I was looking at the line-by-line parser option.
The (small) problem with your approach is:
What would happen if the second instruction required the alpha combiner for something else (for example a co-issued instruction?).
I was looking at the line-by-line parser option.
The (small) problem with your approach is:
What would happen if the second instruction required the alpha combiner for something else (for example a co-issued instruction?).
You mean if the second instruction was the one who was using the alpha component ?
Answer: it would use the blue component ie r0.b
And if alpha it had to be mapped to an rgb instruction (in register combiners you can use an alpha component as an input of the rgb stage) you would use r0.rgb which all components have the (same) dot3 result.
[This message has been edited by vincoof (edited 01-29-2003).]

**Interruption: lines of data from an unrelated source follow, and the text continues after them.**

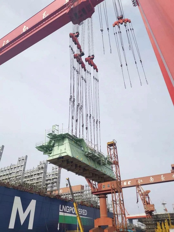 全球最大双燃料集装箱船主机吊装完成!中国船舶所属江南造船又创纪录!
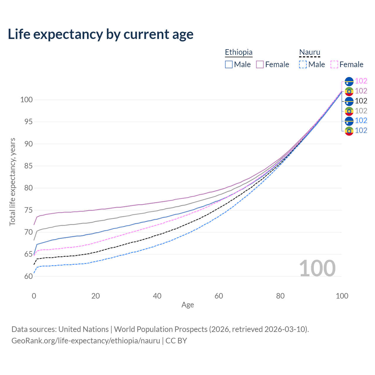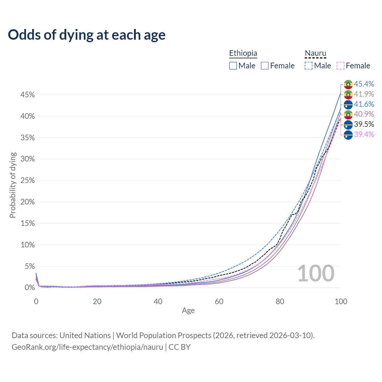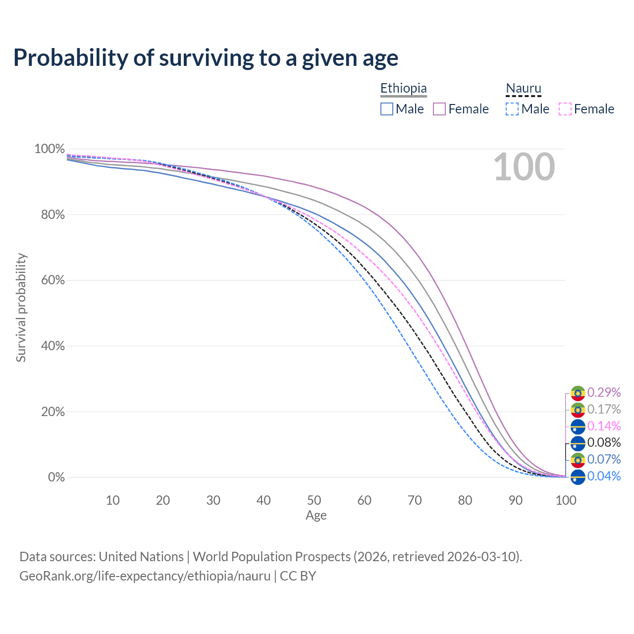 This life expectancy calculator shows the odds of living to 100, 95, 90, and below based on current age for both males and females in Ethiopia and Nauru, along with mean and median age of death. The calculations are based on the 2026 life tables (actuarial tables) from the UN World Population Prospects.
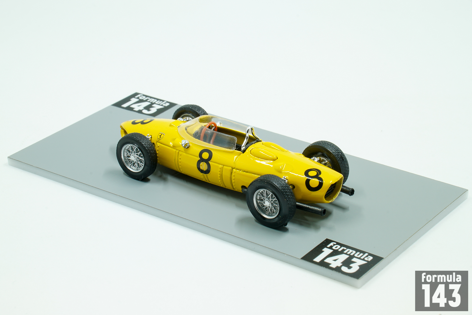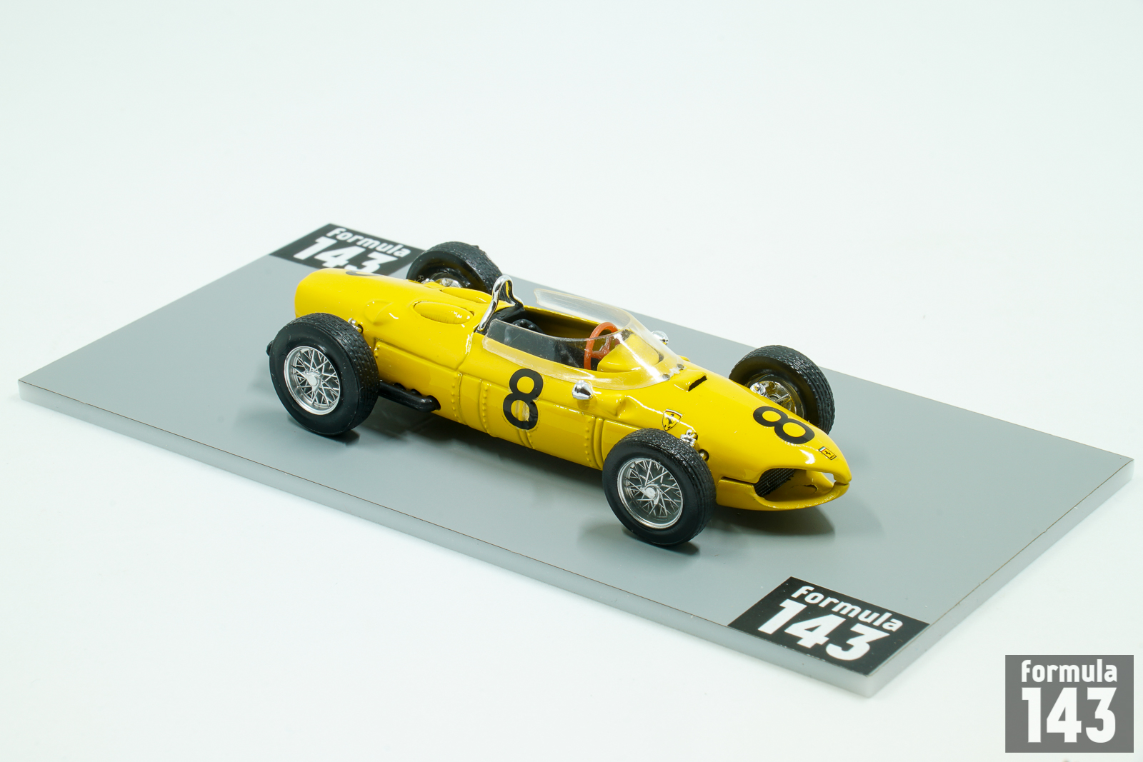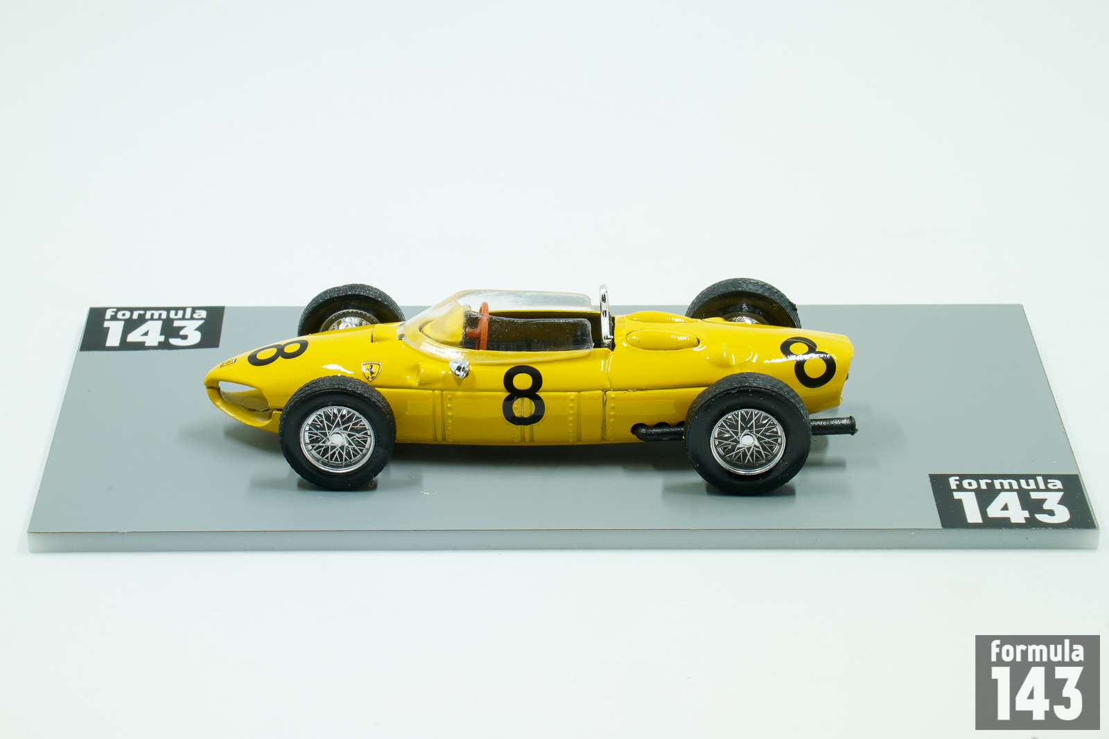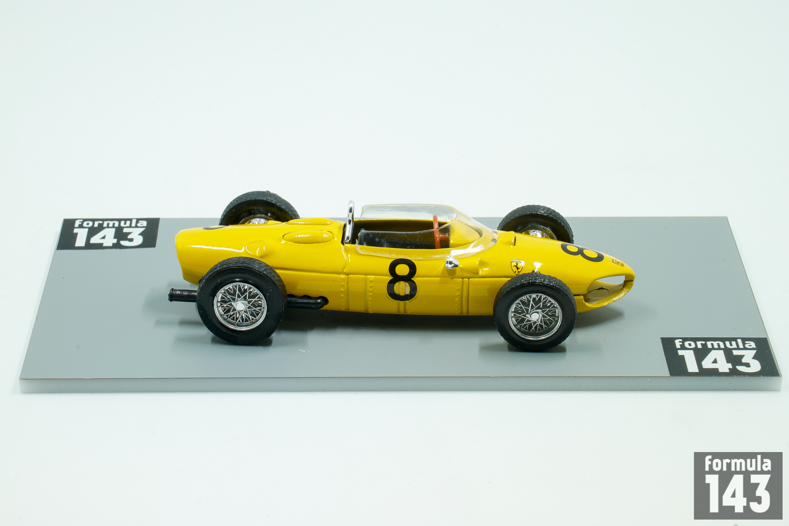 Scuderia Ferrari entered fourth works car for Olivier Gendebien for the 1961 Belgian Grand Prix. Three cars driven by Ginther, Phil Hill and von Trips were painted red in the tradition of the national racing colour of Italy, and Gendebien’s car was painted in a Belgian racing yellow. Apart from two NART entries in the 1964 season this was the last time a Ferrari car wore other than the traditional red colour in Formula One. Belgian driver set the 3rd best practice time and finished in 4th position behind tree other Ferrari cars.

Sorry I wasn't clear. What I mean is, what if the second instruction did NOT use the alpha component we want to save, but did use the alpha combiner for something else. For example:
dp3 r0.rgba, t0, t1
mul r0.rgb, r0, t0
+add t0.a, c0.a, c0.a
add r0.a, r0, t1
There is no way to save the dot product result to the alpha channel in the second combiner, and no way to access that data in the third combiner as it has been overwritten.
It is also no good to do the second instruction in the third combiner and the third in the fourth, and use the second combiner to do the "mov r0.a, r0.b". This is because we then cannot guarantee that an 8 instruction program will wit in 8 combiners.
I realize this would be a very rare situation, but it can occur.
You mean that :
mul r0.rgb, r0, t0
add t0.a, c0.a, c0.a
should fit in a single combiner (mul for rgb stage and add for alpha stage) ?
Well, according to the "line-by-line" concept, I would let it fit into 2 different combiners.
But if you really want to allow the program to "group" instructions, then obviously dot3_rgba is a real problem as you described above.
Though there is still the other solution (that I don't like, but oh well) : with your shader language you could specify that "all instructions use 1 combiner except the dot3_rgba instruction which uses 2 combiners".
[EDIT] I've read pixel shader terminology again and now I see exactly your problem. Even though this problem is not likely to appear easily, it *can* happen. Please let me apologize for wasting your time because of my bad pixel shader knowledge.
[This message has been edited by vincoof (edited 01-29-2003).]
That's OK. The discussion has helped me to think further about the problem, even though I do not see a solution.Originally posted by vincoof:
Please let me apologize for wasting your time.
The thing is, sometimes you can play with the capabilities of register combiners. For instance, the co-issued instruction you presented :
dp3 r0.rgba, t0, t1
mul r0.rgb, r0, t0
+add t0.a, c0.a, c0.a
add r0.a, r0, t1
there is a solution :
stage 1 :
- rgb : compute dot product
- alpha : discard
stage 2 :
- rgb : compute mul
- alpha : set c0.a in A, set two (eg from a constant) in B, set r0.b in C and set one in D, then output "AB" in t0.a and output "CD" in r0.a
stage 3 :
- rgb : discard
- alpha : compute add
But I doubt such trick is always possible.
Though, when detected, such trick can save a combiner stage for a significant number of co-issues.
btw, I've heard of a GF3/4 pixel shader bug that forbids usage of co-issued instruction in the last (8th) instruction. Could it be a GeForce limitation that is representative of that dot product problem ?
[This message has been edited by vincoof (edited 01-29-2003).]
That seems to be fixed in later drivers, so it doesn't appear to be a hardware limitation.Originally posted by vincoof:
btw, I've heard of a GF3/4 pixel shader bug that forbids usage of co-issued instruction in the last (8th) instruction. Could it be a GeForce limitation that is representative of that dot product problem ?
At the moment, I think i will just say that "The dp3 instruction writes to the r, g and b components only", and let the program do any moving into alpha that it requres.
Unless someone can tell be a better solution...
Since every combiner can do two dot products simultanously, you can calculate your dot product twice in the same combiner and output it to two different registers. This way the result can 'survive' in this second copy if anything changes the first. Of course you need a free register for this, but remember that you have eight registers that you can write to (primary, secondary, spare0, spare1, tex0-tex3).
I just realized that unless you coissue a lerp or mad with the next rgb instruction after your dot product you only need A and B inputs to do this alpha operation. Then you can use C and D to just move the dot product result from the blue to the alpha component.
Kuba
[This message has been edited by coop (edited 01-30-2003).]